(8 pm. – promoted by ek hornbeck)
Originally published at Voices On The Square
So, last night I had trouble getting to sleep because I had been arguing on the internet! Stupid, I know, but sometimes I just can’t help myself. There’s a lot going on in my life and people would think that I have enough on my plate, why in the world would I stress myself out over anything more; why take on anything additional. Well…because things bother me.
I have tried to go the mindless route, it just does not work for me. I don’t want to be one of those people they stop on the street for a candid video who cannot tell you who the attorney general is or not know what’s going on in the world or what my government is doing. So, when somebody on the internet tries to tell me that I shouldn’t mind that my government is collecting information they have no right to be collecting because Google or Target is collecting information or that I shouldn’t worry because it’s the same government that has my Medicare info, what’s the big deal, oh, that bothers me a lot.

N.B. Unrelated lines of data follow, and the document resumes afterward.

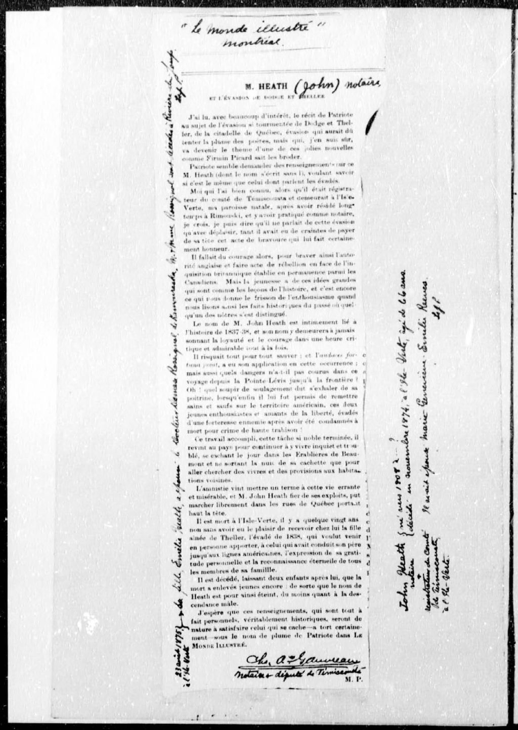 John Heath, 1834-1873, Archives nationales à Rimouski, Fonds Cour supérieure. District judiciaire de Kamouraska. Greffes de notaires, (01R,CN104,S46).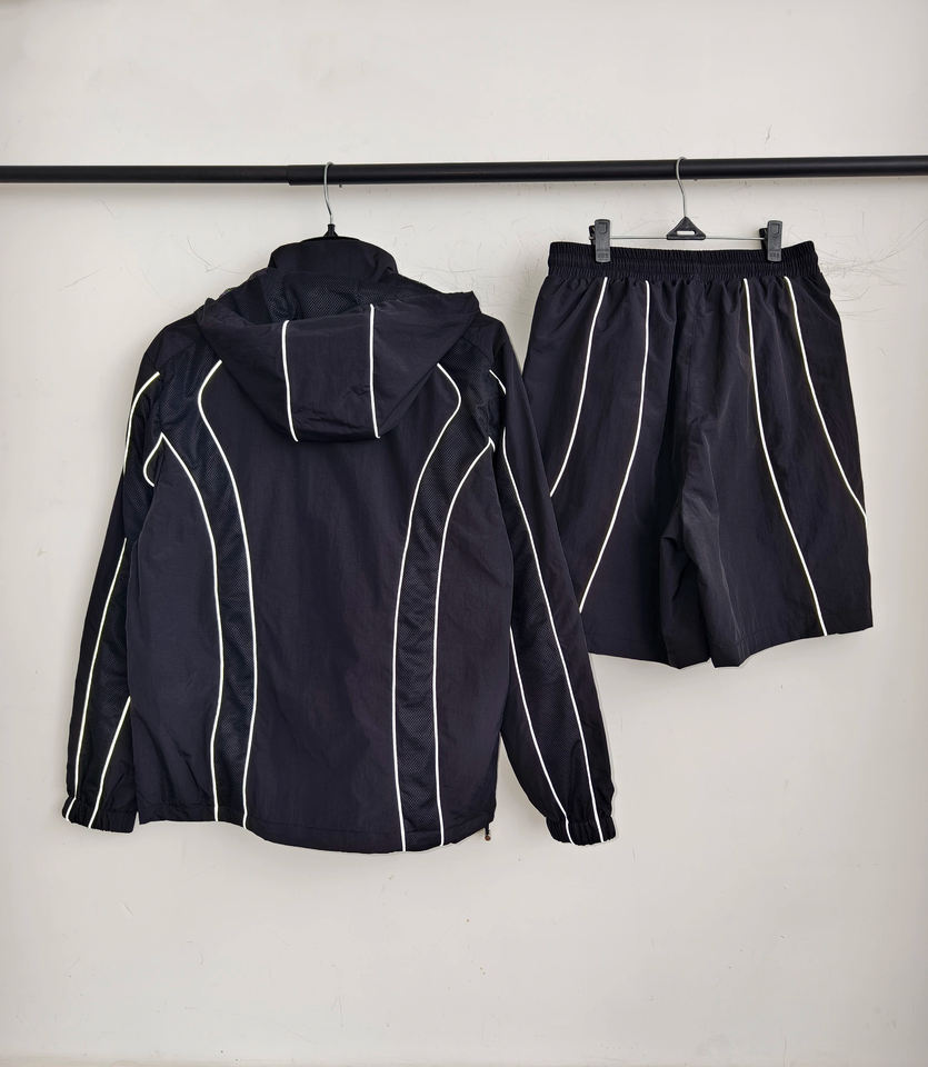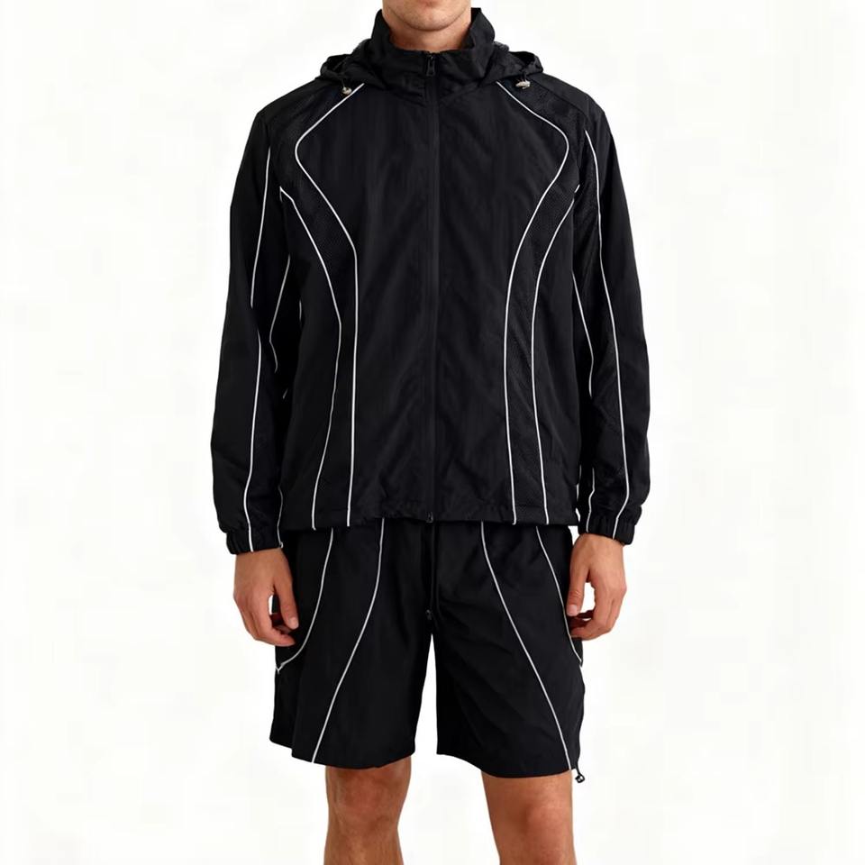 Ensemble survêtement homme tendance : veste coupe-vent en polyester et short, design personnalisé, fermeture éclair intégrale, en nylon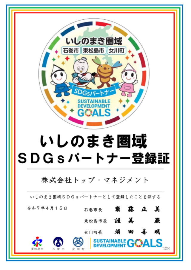 株式会社トップ・マネジメントは石巻市域のSDGsを推進しています。

I usually keep this post non-political, but this week I just can’t do that. There is much in my life that I need to compartmentalize, much that I need to live day by day, some hour by hour just to get through. But here’s the thing, why; why am I fighting so hard to do that? For some dystopian future? No, fuck that noise.
So, yes, I take care of what I need to at home: My kids, my mom, my own achy ass, I play a few games, I do love me some hidden object games, I watch some teevee, but I don’t need both hands to count my “must see’ shows. And in my spare time? Oh, some shit bugs the shit out of me. Sometimes it keeps me up at night. I really wish I didn’t mind, but I do. I mind terribly.